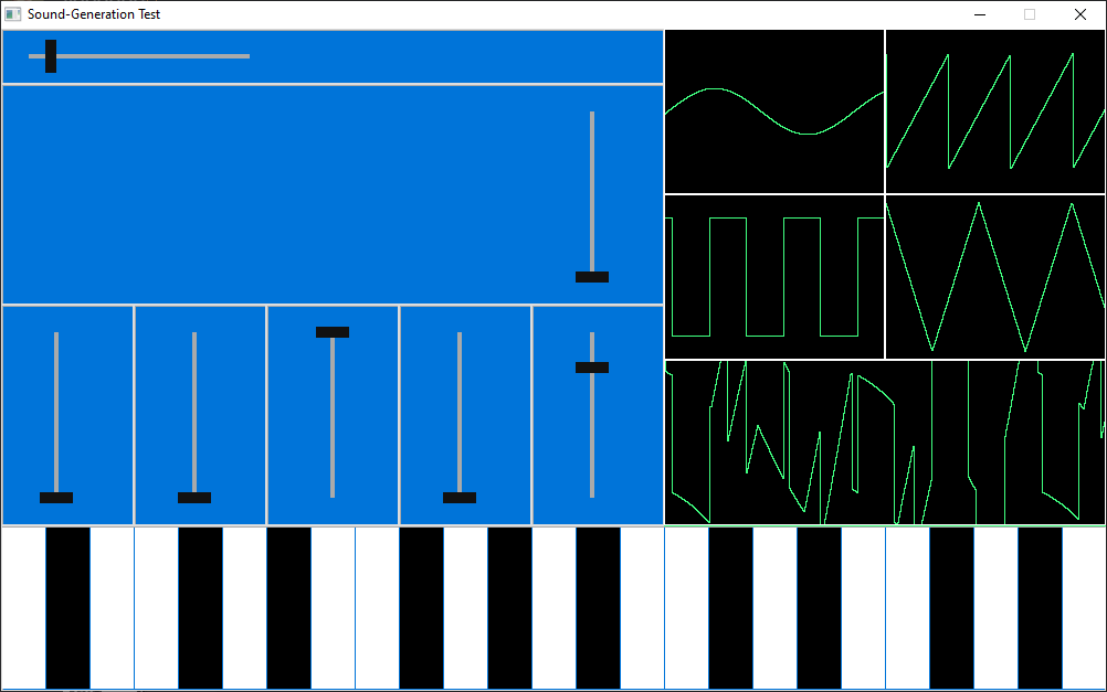 The first thing I tried was to generate some pure tones using various kinds of waveform. Pretty soon, I was able to create any kind of classic synth wave shape I wanted with quite simple functions. I was blasting square/pulse waves, triangle waves, sine waves and - my personal favourite - sawtooth waves at a, somewhat grating, 1khz. The next step was to extend this to actual note values and to add multiple channels. And - as usual - I went a bit overboard writing a relatively complete synthesis library with multiple channels, basic filter effects and volume envelopes. To test it out I threw together a very spartan test interface, with completely unlabelled faders for controlling the envelope parameters and per-channel volume.
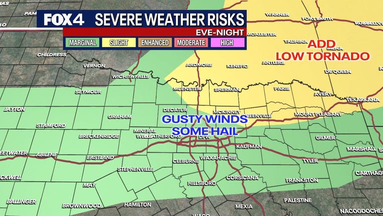 The change arrives late in the afternoon as a cold front will begin to push into DFW’s northern and northwestern counties. Scattered thunderstorms are expected to develop. These storms could be strong to severe, with the main threats being gusty winds and hail.
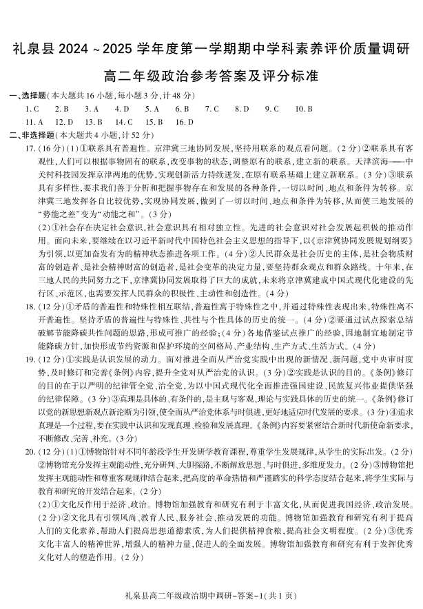 陕西省咸阳市礼泉县2024-2025学年高二上学期期中考试 政治答案
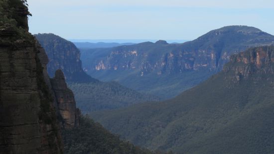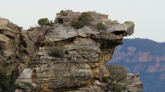 bevor wir nach Katoomba weiterfahren. Hier sind wir endlich am touristischen Gipfel dieser Region angekommen. Von Sydney aus in weniger als zwei Stunden per Zug oder Auto erreichbar, ist hier eben Tourismus satt. Wir fahren erst mal den Cliff Drive entlang, bestaunen am Cahills Lookout den Boars Head (Wildschweinschädel) Rock
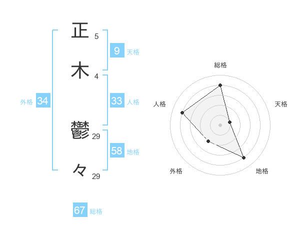 正木 鬱々さんを姓名の画数から五運を鑑定
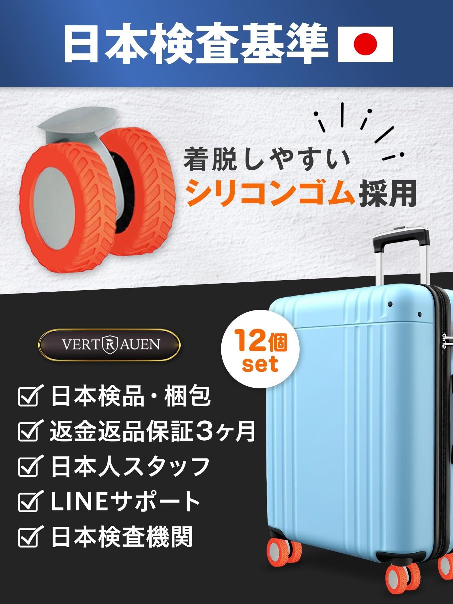 【元CA監修12個セット 快速護輪】 VERTRAUEN キャスターカバー スーツケース タイヤカバー キャリーケース 車輪カバー 脱落防止 車輪保護 騒音低減 シリコンゴム ホイールカバー 滑り止めテープ 貼り付けタイプ かいそくごりん (はめ込み式, フレイムオレンジ(12個入り))
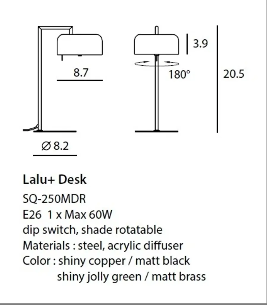 LALU+ Pendant version has gained so much popularity that we''ve introduced LALU+ Desk and Floor versions as well. By replacing glass with steel, this classic silhouette has been reinvented with a modern twist. Fuse a bit of retro with a splash of modern, render it utilitarian, and you??ve got LALU+. Allow this light to enliven your surroundings.Number of Bulbs: 1Bulbs Included: NoMaximum Wattage: Max 60WType of Bulb: E26Feature: Dip switch, shade rotatableDimmable: No

* * *

What the task requires. What should come back is an exact copy of the lines above from the line with "陕西省咸阳市礼泉县2024-2025学年高二上学期期中考试 政治答案" to the line with "かいそくごりん (はめ込み式, フレイムオレンジ(12個入り))", both included, minus the pictures.

Response box.
 陕西省咸阳市礼泉县2024-2025学年高二上学期期中考试 政治答案
 bevor wir nach Katoomba weiterfahren. Hier sind wir endlich am touristischen Gipfel dieser Region angekommen. Von Sydney aus in weniger als zwei Stunden per Zug oder Auto erreichbar, ist hier eben Tourismus satt. Wir fahren erst mal den Cliff Drive entlang, bestaunen am Cahills Lookout den Boars Head (Wildschweinschädel) Rock
 正木 鬱々さんを姓名の画数から五運を鑑定
 【元CA監修12個セット 快速護輪】 VERTRAUEN キャスターカバー スーツケース タイヤカバー キャリーケース 車輪カバー 脱落防止 車輪保護 騒音低減 シリコンゴム ホイールカバー 滑り止めテープ 貼り付けタイプ かいそくごりん (はめ込み式, フレイムオレンジ(12個入り))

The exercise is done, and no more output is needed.